Was there anything new in the Hill article?
The Hill story does quote an attorney for a former FBI informant who claimed her client “witnessed numerous, detailed conversations in which Russian actors described their efforts to lobby, influence or ingratiate themselves with the Clintons in hopes of winning favorable uranium decisions from the Obama administration.” That claim gave GOP lawmakers an opening to press the Justice Department to lift a gag order restricting the informant from talking to them. In an indication of Republican interest in promoting the issue, Trump personally pressed subordinates to remove the gag order, CNN reported. The Justice Department, moving quickly, announced last Thursday that it had indeed lifted the order. Critics called Trump’s reported involvement inappropriate, a politically driven intervention in a criminal matter.
What is the real reason the story is back?
The story is back in the news now because Trump and his congressional allies want to distract from the real Russia scandal, critics say. Democratic lawmakers and staffers see the Uranium One fracas as the latest mini-tempest ginned up by the GOP in hopes of minimizing the focus on the spiraling scandal surrounding the Trump campaign’s interactions with Russia. “It’s a partisan effort aligned with what the White House has been urging, and Fox and Breitbart,” House Intelligence Committee ranking member Adam Schiff (D-Calif.) said last Wednesday on MSNBC.
What’s happening now on Capitol Hill?
Senate Judiciary Committee chairman Chuck Grassley (R-Iowa) and House Intelligence Committee chairman Devin Nunes (R-Calif.) both announced investigations of the Uranium One deal in the wake of the Hill article. Grassley had already sent letters requesting information from people involved in approving the deal; his focus on the matter has helped contribute to a breakdown in his committee’s once-bipartisan Russia investigation. Last week, Grassley went so far as to call for a special counsel to examine the matter.

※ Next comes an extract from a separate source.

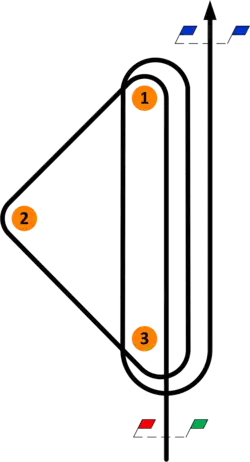 For the Tempest course area B(ravo) was used. The location (54°30'30'’N, 10°13'00'’E) points to the center of the 2 nm radius circle.[1][5] The distance between mark 1 and 3 was about 2nm.

On Tuesday, White House Chief of Staff John Kelly seemed to echo that call.
Both Grassley and Nunes in the past have eagerly used the ongoing congressional Russia investigations to target Democrats rather than Trump associates. “They’ve been throwing a lot against the wall and seeing what sticks,” said one senior Senate Democratic aide. “I think they are pretty happy with themselves and their ability to muddy the message.”